Оксана в сотый раз слушает и плачет, тихо вышивая узорную сорочку
или бросая иглу и безмолвно слушая Левенчука. «Ну, где же теперь наш Василь Иванович, наш Милороденко?» — спрашивает она, тихо в мыслях молясь
за него. «Э, Оксана, ищи ветра в поле! Сказывают, что он точно успел за эти три года разбогатеть. Сперва, говорят, был он при неводах, а потом у
какого-то грека на хуторе пасеку держал и сам завелся пчелами; даже в мещане в Азове хотел приписаться, по чужому имени — все домом тоже
обзавестись мостился. Передают, что уже и при деньгах был. Да какая-то бабенка ему тут подвернулась. Он сперва у нее ключником нанялся — она
тоже помещица, что ли. А там и в любовники к ней попал. Год так жил! А с этой весны куда-то и пропал опять без вести. Как будет наша свадьба,
Оксана, перед петровками, мы его разыщем... хочешь? Я припас еще денег; самая малость остается, так и скажи батюшке!» — «Скажу».— «Скажи, что
после троицы, как управлюсь на море да покошусь еще у немца с неделю, приду и остальной за тебя выкуп принесу... Ну, а где же мы станем жить
тогда, Оксана?» — «Ох! уйдем отсюда; тут уж нам не житье. Слышно, все разыскивают бродяг, а ведь мы не люди, мы с тобою бродяги... Боже! Хоть бы
на Дунай или в ту Анатолию пробраться... У турок, слышно, всех принимают. Вон я слышала, Харько, к нашей дьячихе сестра с богомолья из
Ерусалима, проходом в Россию, навернулась, говорит, что нашего народу видимо-невидимо из Одессы и из Польши туда перешло, и по Дунаю так
слободами и живут».— «Не может быть того, чтоб до неверных переходили!» — «Ну, а я уж слышала; там пачпортов не требуют».— «А, батюшки, батюшки!

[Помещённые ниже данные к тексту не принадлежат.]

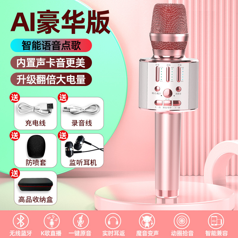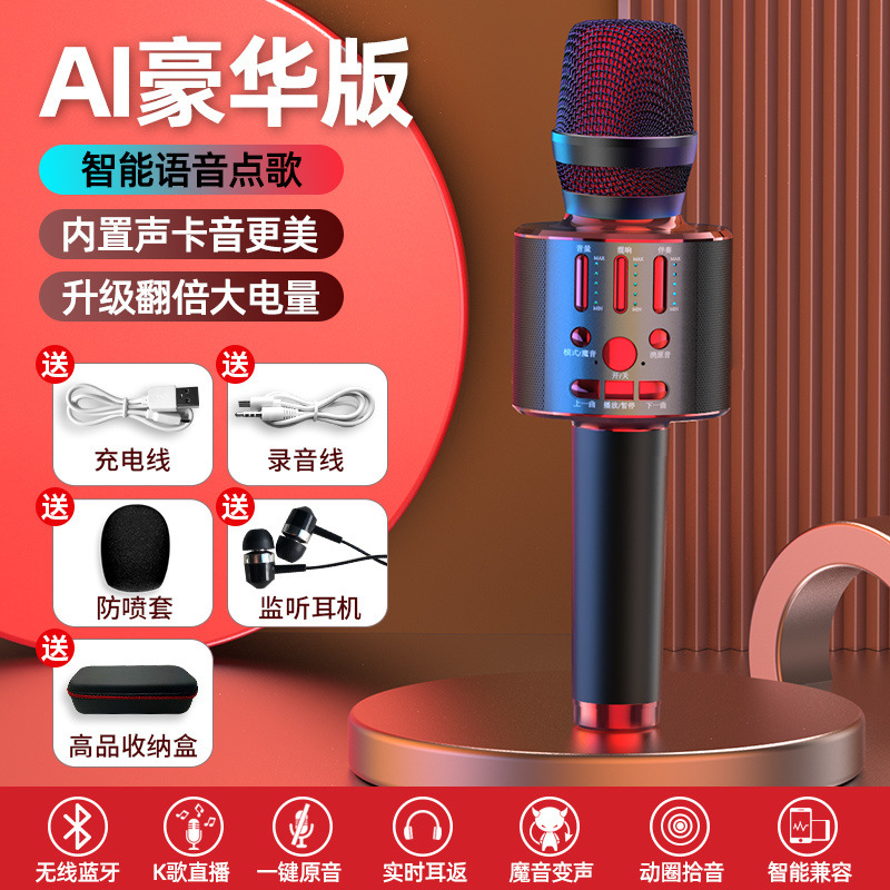마이크와 오디오가 통합된 마이크 휴대폰 노래방 아티팩트에는 사운드 카드가 함께 제공됩니다. 무선 블루투스 홈 TV 국민 노래스토어 가기

вот доля!» — «А слышал ты тоже,— вон попадья к нам от Шутовкина купца наезжала, пшена занимать и постного масла на косарей: наш батюшка на
барыши на лето и это держит,— будто к Небольцевым господам исправник выбегал с понятыми, село обходил, все сундуки и погреба осмотрел и
шестнадцать человек за конвоем в Ростов отвел. Плачу там, плачу было такого, что и-и! Нашли, говорят, в подвале старого-престарого сапожника; он
двадцать девять лет уже как бежал, сказывают, от какого-то помещика, не то из Рязани, не то из Москвы, и все это время жил в подвалах, обшивал
все околотки...» — «Ну, ну?» — спрашивал Левенчук, все бледнея и едва переводя дыхание. «Как вывели его оттуда, а он, как мушка сонная, осенняя,
так и шатается от ветру, ухватился за волосы седые, белые, да и упал об землю.— «Ведите меня, говорит, хоть в Сибирь, а только домой не ведите,
на хутор. У меня, говорит, тут уж своя родина, и жена другая, и дети взрослые; а то я руки на себя наложу; я не крал, не грабил, тихо жил себе,
работал...» А исправник смеется: «Ведите его, молодчика, да покрепче закуйте; он уж по четырем ревизиям пропущен, ему и имени Христова нет...» И
повели его на Екатеринослав особо. Так сказывала Шутовкина купца попадья...» — Левенчук встал, оправился. Встала и Оксана. «Ну, Оксана, теперь
ты будь готова. После троицы зараз повенчаемся! Я пойду на корабли, договорюсь... Я уж устрою... Не житье нам точно здесь становится. Набрехал-
таки Милороденко, иль оно уж изменилось! А ты только будь, значит, готова; не в Туретчину, и тут найдем место! Вон и в прошлое лето шел на
заработки, с чужим мещанским пачпортом, за Елисаветград. Ну, да и места же это по Днепру, Оксана! Зашел я в такую лощину: все балки, песок
красный, слюды блестят на солнце, тюльпаны дикие, как колокола, цветут, алые и желтые, по степям и по ярам,— пахнет, весело, привольно.